Understanding the damning numbers on unemployment released by the National Bureau of Statistics

by Alexander O. Onukwue

The National Bureau of Statistics, on Monday evening, released the figures of the Unemployment status of Nigeria for the fourth quarter of 2016.

As the Nation grappled with the recession, the period between October and December of 2016 was not the most economically convenient months to navigate through for many Nigerians, with rising prices of food products, notably Rice. The scarcity of resources and food also reached the labour market in terms of scarcity of employment opportunities, as the following numbers from the Bureau will show:

1. 590,000 joined the economic active population from Q3 to Q4: According to the NBS,The economically active population or working age population (persons within ages 15 and 64) increased from 108.03 million to 108.59 million”. Compared to the previous quarter, it meant an increase of 0.5% and a 3.4% increase compared to the fourth quarter of 2015, which appears to match Nigeria’s average annual population growth figure of 3%.

2. About 480,000 persons joined the labour force from Q3 to Q4: As defined, the labour force are those persons who are willing to work, able to work and are actively seeking for work. In other words, “voluntary full-time housewives, underage children 14 and below, adults above 65, full-time students, those in active military service, physically challenged and incapacitated persons whose incapacitation prevents them from working” are not part of this group.

3. Actually, in comparison to the numbers from Q2 to Q3, Q3 to Q4 saw a reduction in the number of persons entering the labour force population. Whereas 782,886 more persons entered the labour force population from April/May/June to July/August/September, just over 480,000 did so going into the Christmas period. April/May last year was the period when many youth who had completed their National Youth Service year became free and unemployed. Could it be that many of them got creative in private hustles to make ends meet towards the Yuletide?

4. This theory in number 3 above may be given some substance in that “with an economically active or working age population of 108.59 million and labour force population of 81.15 million, it means 27.44 million persons within the economically active or working age population decided not to work for one reason or the other in Q4 2016, hence were not part of the labour force and cannot be considered unemployed”.
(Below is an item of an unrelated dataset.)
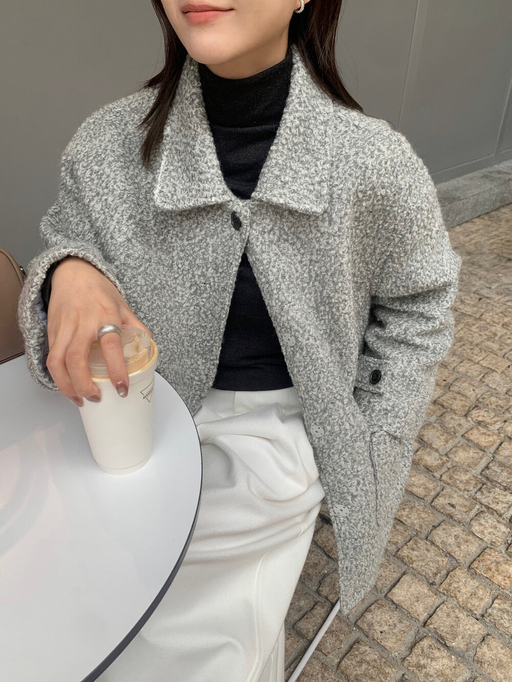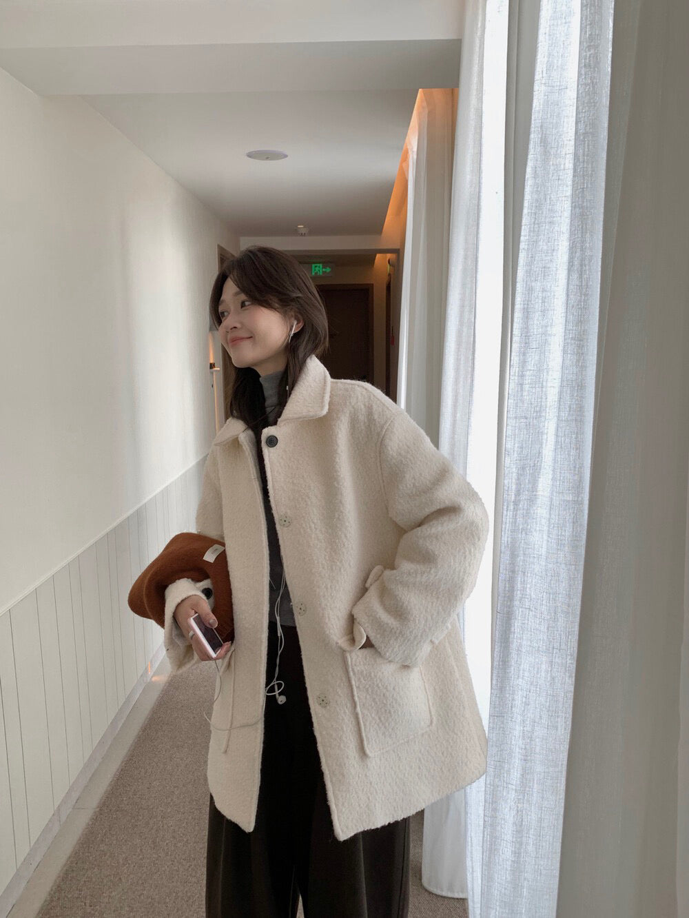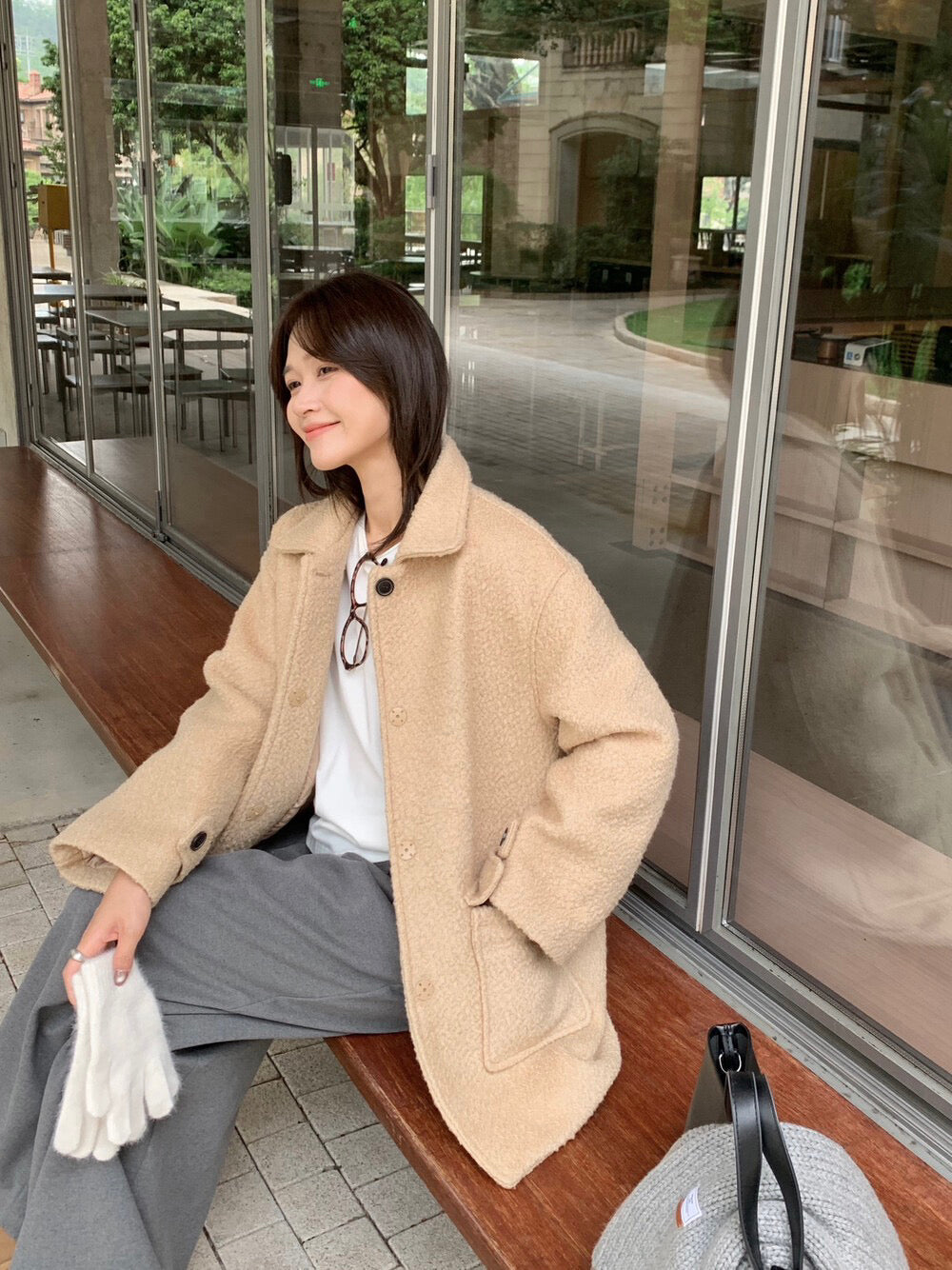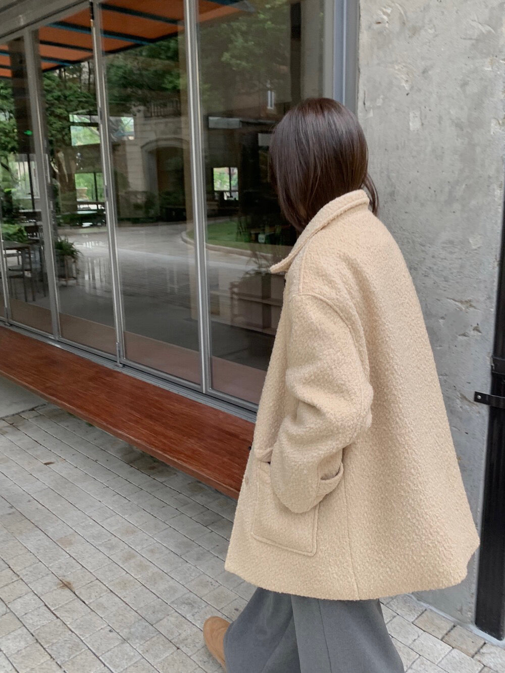 // 70%羊毛簡約翻領中長外套

5. Underemployment – those doing jobs which underutilise their potential and qualification – also increased in the last quarter of last year by over 1.1 million, a significantly large 7% from Q3. The Underemployment rate as at Q4 2016 now stands at 21%.

6. 351, 015 persons became unemployed in Q4, representing an increase of 0.3% from Q3 and amounting to 14.2% unemployment rate for that quarter. In total, 28.58 million people within the labour force were either unemployed or underemployed, as at Q4 2016, the highest figure in any quarter for 2016.

7. The youth were hit hardest by the unemployment waves, with 61.6% of persons within 15–24 qualifying to be in the labour force either unemployed or underemployed in Q4 2016, the highest figure in any quarter of the year. A similar trend of increased unemployment and underemployment was observed for persons between 25 and 34, with 37.5% of them in that bracket.

Nigeria’s unemployment rate has continued to rise since 2010 when it was at 16.3%.